— А я в Донбасс писал, молчат. Ведь ты когда-то уголек рубал?
— Было дело! С прапрадедов шахтеры. Рассказывай, Родион, как дела.
— Тяжело: ни денег, ни хлеба. Спасибо Суханову за оружие, а то хоть волком вой. Сейчас человек пятьсот вооружили, обучаю военной мудрости. Кончили банду Орленко, поджали хвост казачки.
— Правильно! Ты ведь и раньше, Родион, увлекался, кажется, военным делом? И книги вот…
— Без этого нам, большевикам, нельзя. Почитываю. — Шадрин указал на стол, заваленный книгами. — Суханов снабжает.
Костров взял книгу Кинайо о русско-японской войне.
— Вникаешь в тактику и стратегию японских армий и дипломатов?
— Умная книга! Кинайо — главнокомандующий сухопутными и морскими силами Японии. Есть чему поучиться.
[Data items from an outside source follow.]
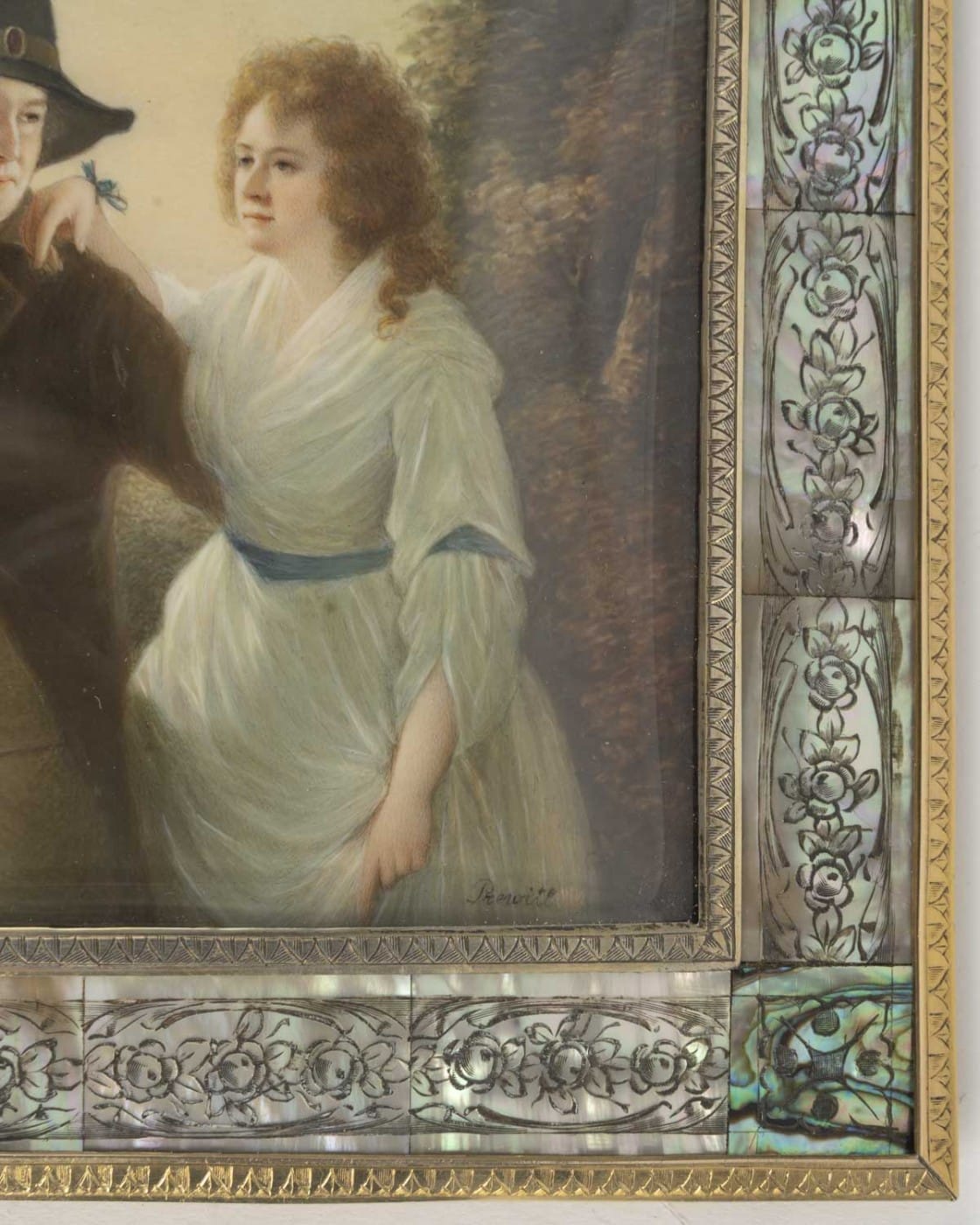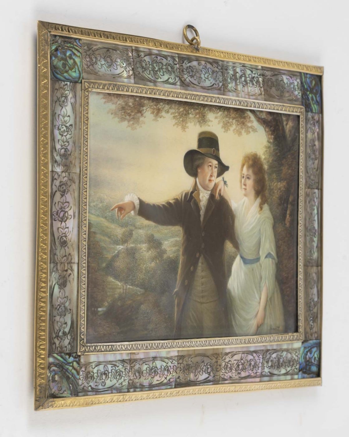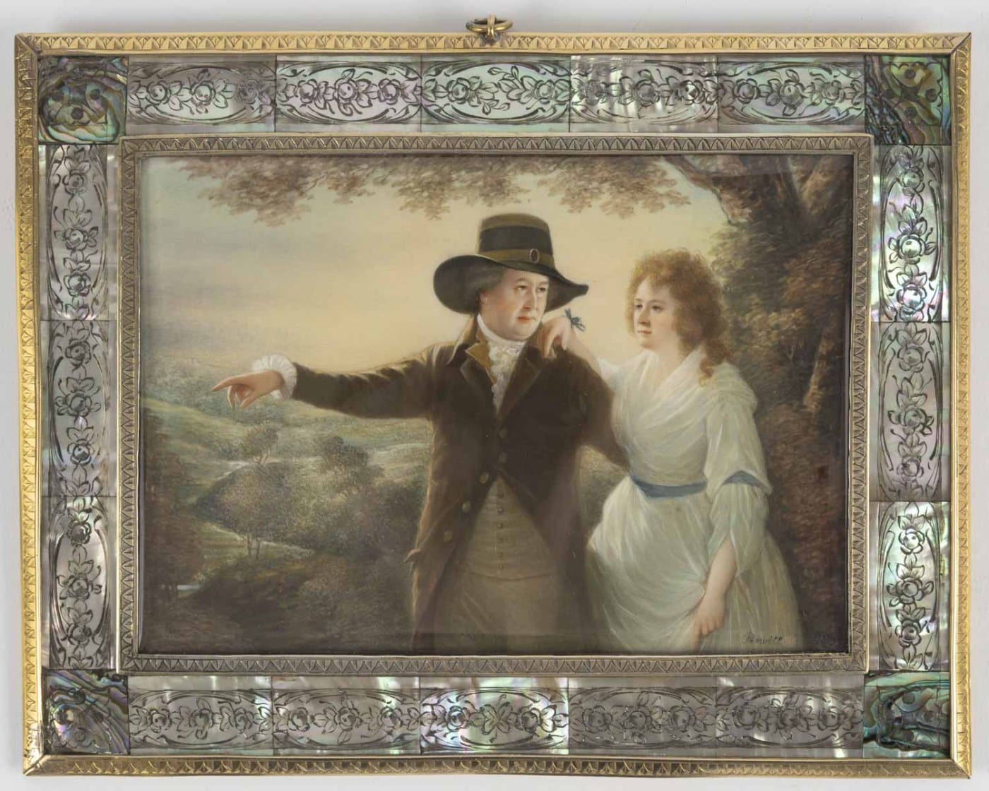 Miniature sur ivoire reprenant le tableau « Portrait of Sir John and Lady Clerk of Penicuik » peint vers 1790 et conservé à la National Gallery of Ireland de Dublin. Sous verre, dans un cadre encadrement en nacre gravé de fleurs ceint de baguettes de laiton gravé chacun d’un frise de palmettes. Le revers figurant une plaque de galalithe anthracite incrustée au centre d’un bouquet de fleurs en nacre.
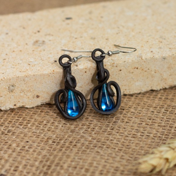 Závěsné náušnice z umělecké pryskyřice s modrými skleněnými kapkami. Hmota je pružná, imituje kůži, odolná vůči vodě. Vhodná pro alergiky. Velikost náušnic bez kovodílu je 1,5 až 3cm. Výrazné a přitom elegantní.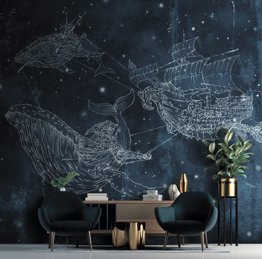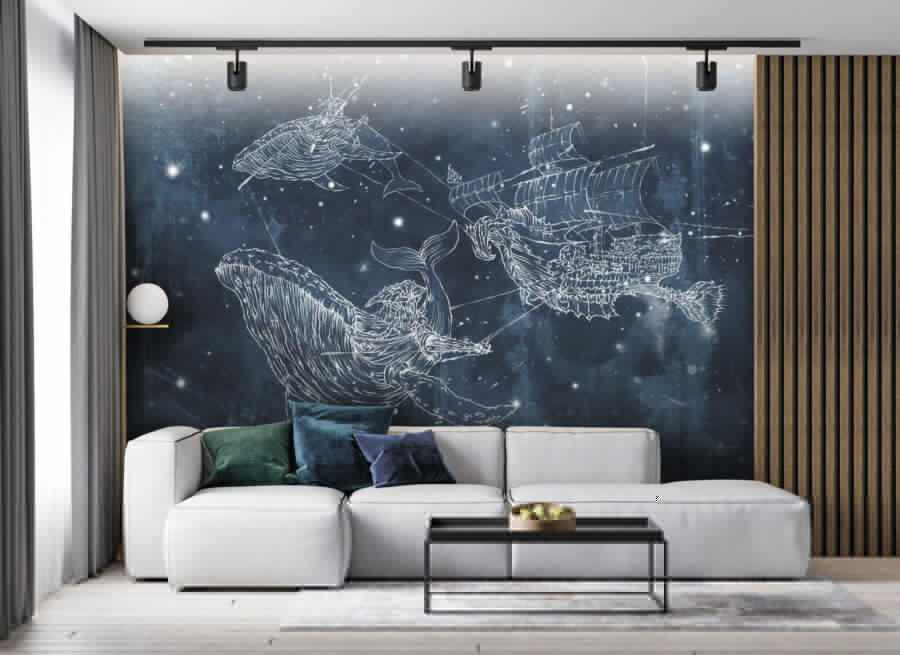 Představte si, že se probudíte a ze zdi vám bude zpívat velryba! Tato nástěnná malba “Kresba velryby” je jako ponoření do kouzelného moře – není to obyčejná dekorace na zeď. Je ideální pro děti, které sní o mořských dobrodružstvích, i pro dospělé s mladým srdcem, kteří chtějí do svého prostoru přidat kapku oceánského zázraku. Směs hvězd, velryb a tajemné lodi proplouvá soumračnou modří a vytváří rozmarnou noční krajinu. Je to jako oživlá pohádka na dobrou noc. Nechte se touto okouzlující scénou unést do říše snů nebo se nechte unášet jakýmkoli pokojem na vlně kreativity a zázraků. Odplujte!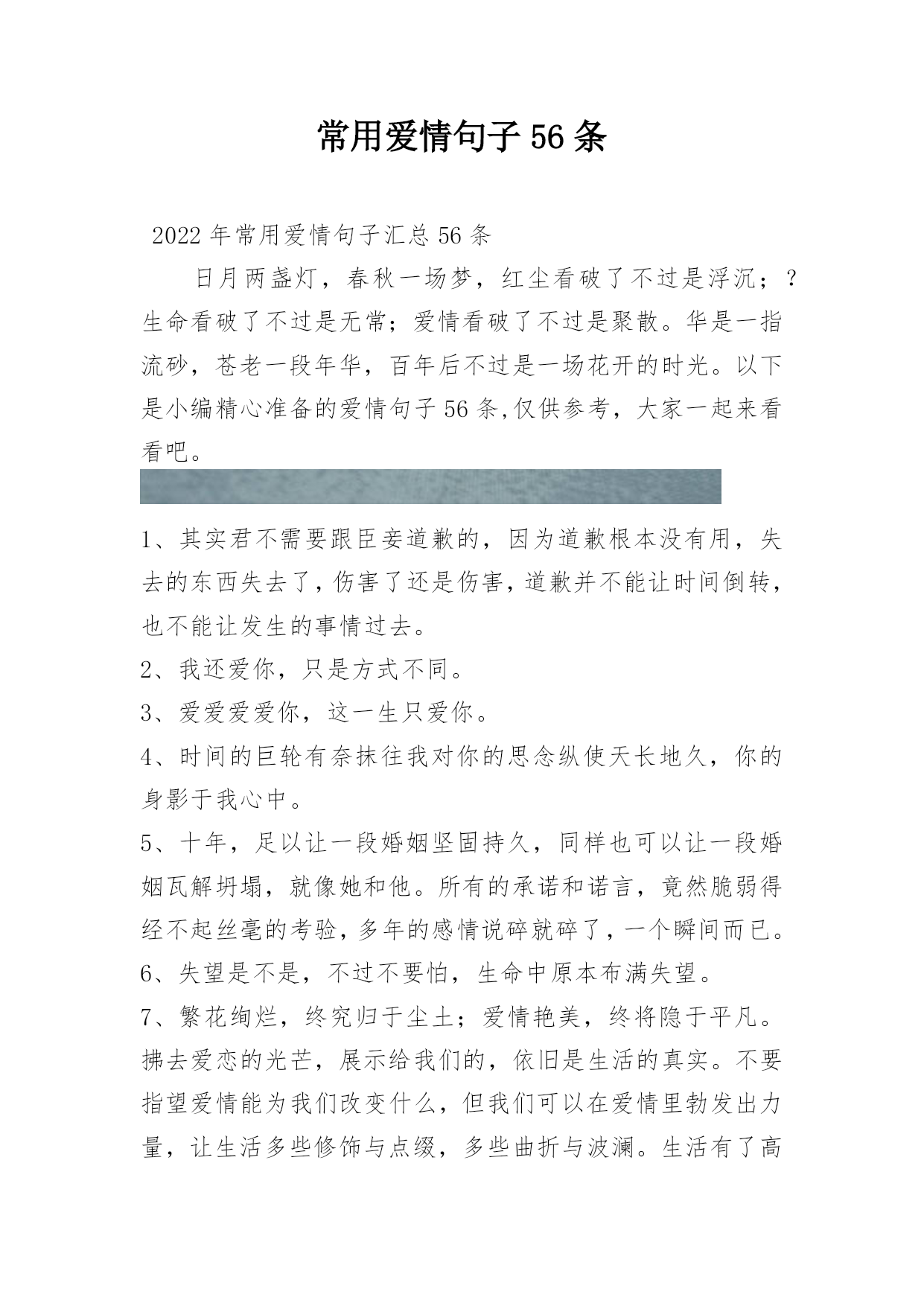 常用爱情句子56条2022年常用爱情句子汇总56条日月两盏灯,春秋一场梦,红尘看破了不过是浮沉;?生命看破了不过是无常;爱情看破了不过是聚散。华是一指流砂,苍老一段年华,百年后不过是一场花开的时光。以下是小编精心准备的爱情句子56条,仅供参考,大家一起来看看吧。1、其实君不需要跟臣妾道歉的,因为道歉根本没有用,失去的东西失去了,伤害了还是伤害,道歉并不能让时间倒转,也不能让发生的事情过去。2、我还爱你,只是方式不同。3、爱爱爱爱你,这一生只爱你。4、时间的巨轮有奈抹往我对你的思念纵使天长地久,你的身影于我

Крепко у них и военная разведка поставлена.
Они испытующе посмотрели друг другу в глаза.
— Ты хорошо знаешь Суханова? — спросил Костров.
— Костю? Как тебя. Орел! Не смотри, что молод, в царской тюрьме ковался. Только здоровьем слаб. Чахотка.
— Жаль. Ну, а как ты с немцем воевал?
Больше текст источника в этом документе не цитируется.